--- START ---

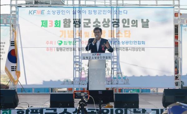 전남 함평군이 주최하고 함평군 소상공인연합회가 주관한 제3회 ‘함평군 소상공인의 날’ 기념식이 6일 함평5일시장 공영주차장에서 성대하게 개최됐다.
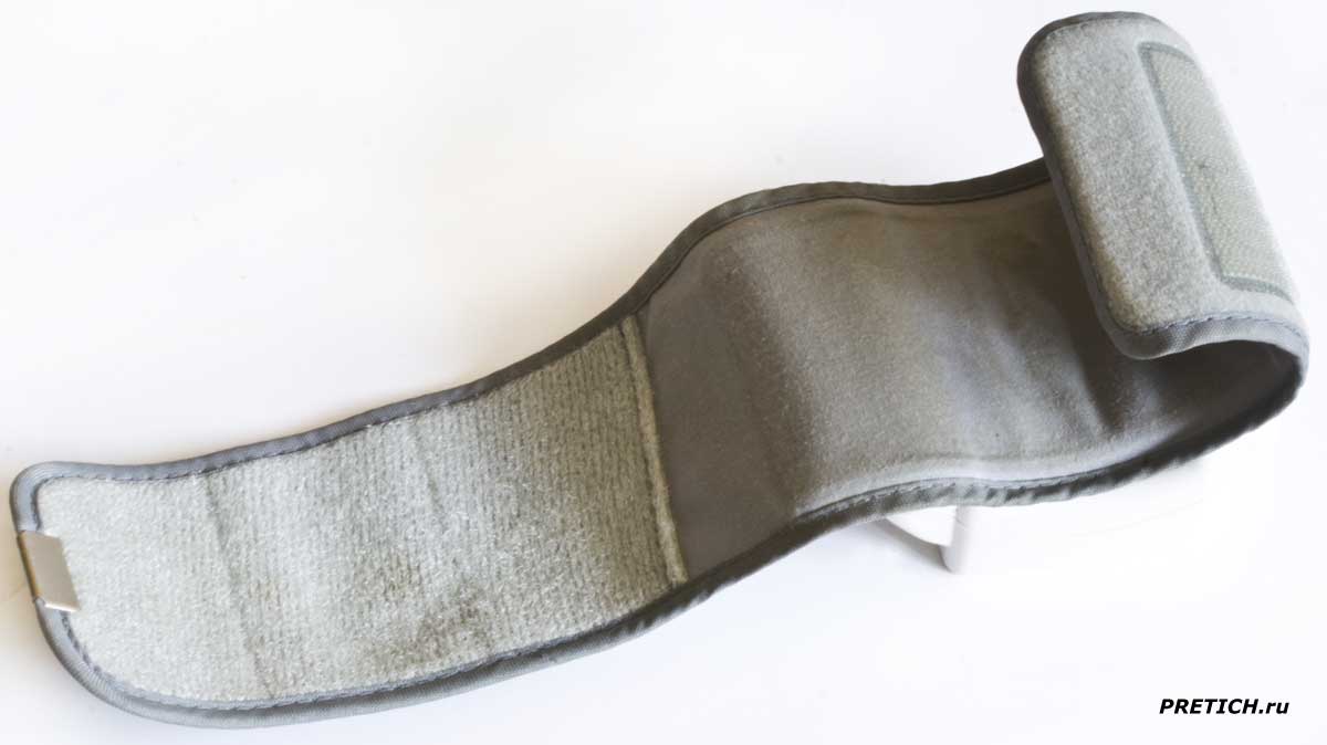 Режем манжету... Хотя аппарат и рабочий, но что не сделаешь во благо концессии! Итак, внутри тряпичного "обрамления", находится герметичный мешочек, или "кармашек", с двумя пипками... Так как тонометр для запястья, есть пластиковая вставка, - которая и формирует захват запястья руки. Ну, кажется, разобрали все.
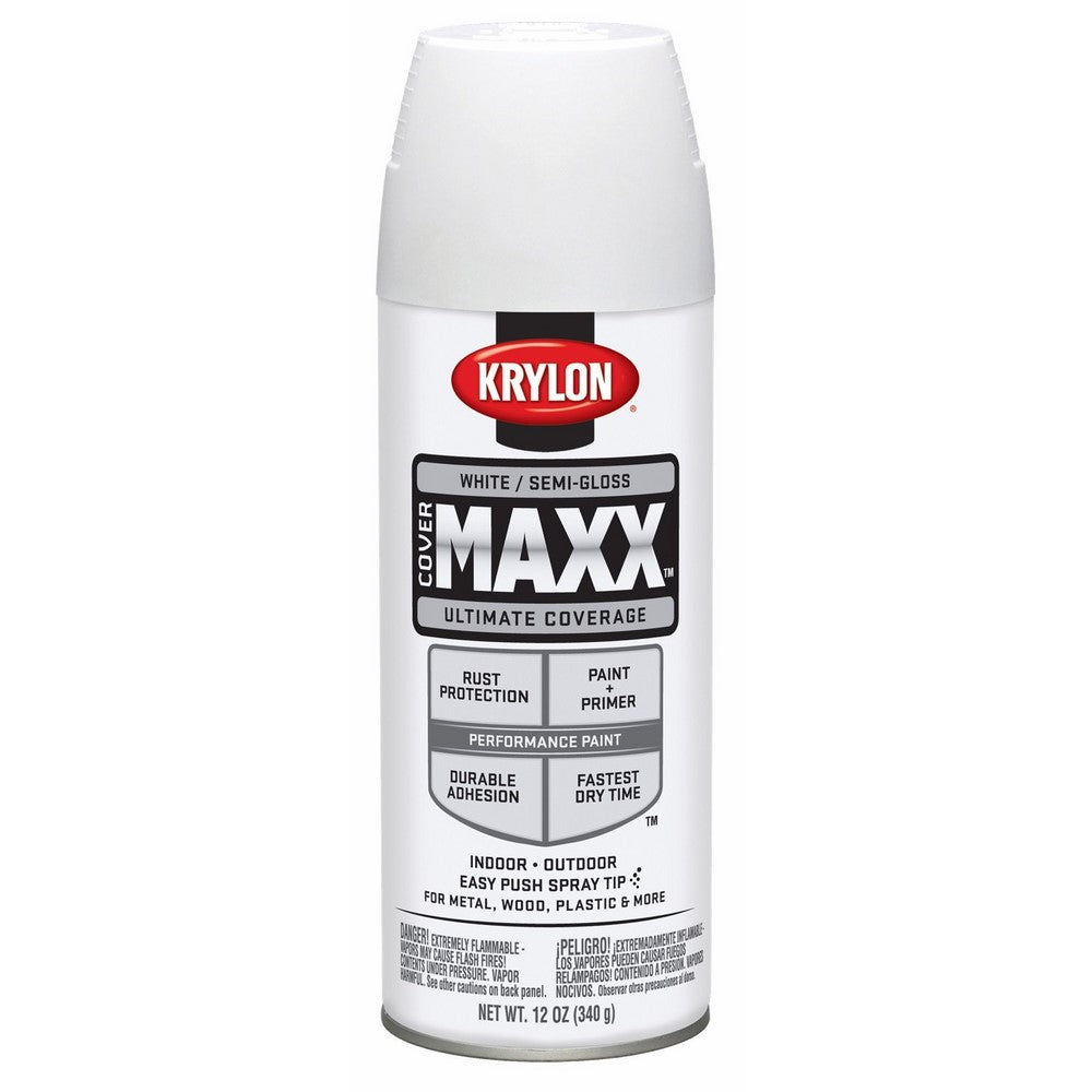 Krylon K09181000 COVERMAXX Spray Paint, Semigloss White, 12 Ounce

--- END ---

(GOAL OF THE EXERCISE): Write the data above out again exactly, minus its pictures.

(REPLY TO THE TASK):
 전남 함평군이 주최하고 함평군 소상공인연합회가 주관한 제3회 ‘함평군 소상공인의 날’ 기념식이 6일 함평5일시장 공영주차장에서 성대하게 개최됐다.
 Режем манжету... Хотя аппарат и рабочий, но что не сделаешь во благо концессии! Итак, внутри тряпичного "обрамления", находится герметичный мешочек, или "кармашек", с двумя пипками... Так как тонометр для запястья, есть пластиковая вставка, - которая и формирует захват запястья руки. Ну, кажется, разобрали все.
 Krylon K09181000 COVERMAXX Spray Paint, Semigloss White, 12 Ounce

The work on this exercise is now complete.